** Opening The input block **
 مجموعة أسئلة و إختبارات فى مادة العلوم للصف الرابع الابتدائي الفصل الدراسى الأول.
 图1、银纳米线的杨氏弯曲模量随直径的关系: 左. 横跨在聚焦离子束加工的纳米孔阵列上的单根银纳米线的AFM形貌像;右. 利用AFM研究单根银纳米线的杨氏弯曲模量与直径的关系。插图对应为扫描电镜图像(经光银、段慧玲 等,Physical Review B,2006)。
** Closing The input block **
** Opening The input block **
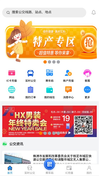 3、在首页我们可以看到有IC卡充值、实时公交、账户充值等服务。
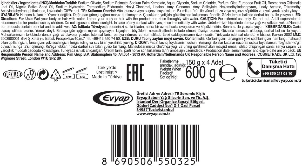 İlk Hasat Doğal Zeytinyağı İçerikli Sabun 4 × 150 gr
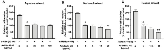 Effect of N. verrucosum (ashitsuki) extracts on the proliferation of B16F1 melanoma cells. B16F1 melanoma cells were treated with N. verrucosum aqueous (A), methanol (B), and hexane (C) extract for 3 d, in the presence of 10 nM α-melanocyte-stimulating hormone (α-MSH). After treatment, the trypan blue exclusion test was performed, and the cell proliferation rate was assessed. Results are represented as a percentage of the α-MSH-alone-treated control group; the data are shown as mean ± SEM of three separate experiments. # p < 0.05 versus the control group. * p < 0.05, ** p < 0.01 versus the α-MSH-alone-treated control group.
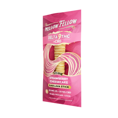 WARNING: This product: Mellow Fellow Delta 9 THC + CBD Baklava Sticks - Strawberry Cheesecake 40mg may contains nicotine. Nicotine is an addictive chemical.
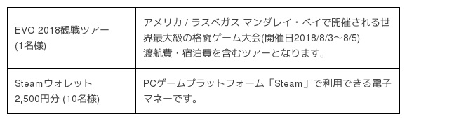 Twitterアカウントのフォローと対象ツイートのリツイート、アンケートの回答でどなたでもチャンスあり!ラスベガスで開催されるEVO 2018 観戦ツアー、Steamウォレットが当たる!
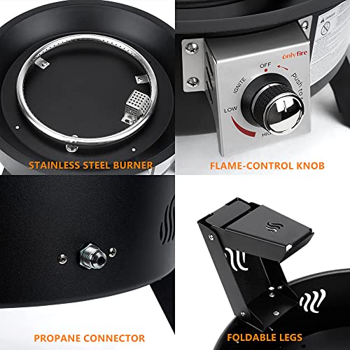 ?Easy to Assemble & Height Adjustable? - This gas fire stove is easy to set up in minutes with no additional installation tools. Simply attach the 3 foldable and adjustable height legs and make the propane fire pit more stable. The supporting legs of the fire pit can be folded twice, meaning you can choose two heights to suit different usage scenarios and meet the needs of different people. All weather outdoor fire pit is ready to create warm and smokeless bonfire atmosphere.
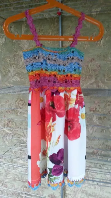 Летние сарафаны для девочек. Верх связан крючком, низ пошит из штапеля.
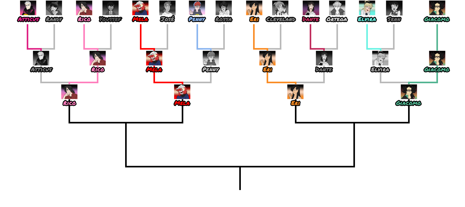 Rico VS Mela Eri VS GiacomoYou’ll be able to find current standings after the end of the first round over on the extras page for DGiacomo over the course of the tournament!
** Closing The input block **
Leaving out the pictures, please output the lines in the entries above from the one with "WARNING: This product: Mellow" through the one with "smokeless bonfire atmosphere.", exactly as they are.

Written solution -
 WARNING: This product: Mellow Fellow Delta 9 THC + CBD Baklava Sticks - Strawberry Cheesecake 40mg may contains nicotine. Nicotine is an addictive chemical.
 Twitterアカウントのフォローと対象ツイートのリツイート、アンケートの回答でどなたでもチャンスあり!ラスベガスで開催されるEVO 2018 観戦ツアー、Steamウォレットが当たる!
 ?Easy to Assemble & Height Adjustable? - This gas fire stove is easy to set up in minutes with no additional installation tools. Simply attach the 3 foldable and adjustable height legs and make the propane fire pit more stable. The supporting legs of the fire pit can be folded twice, meaning you can choose two heights to suit different usage scenarios and meet the needs of different people. All weather outdoor fire pit is ready to create warm and smokeless bonfire atmosphere.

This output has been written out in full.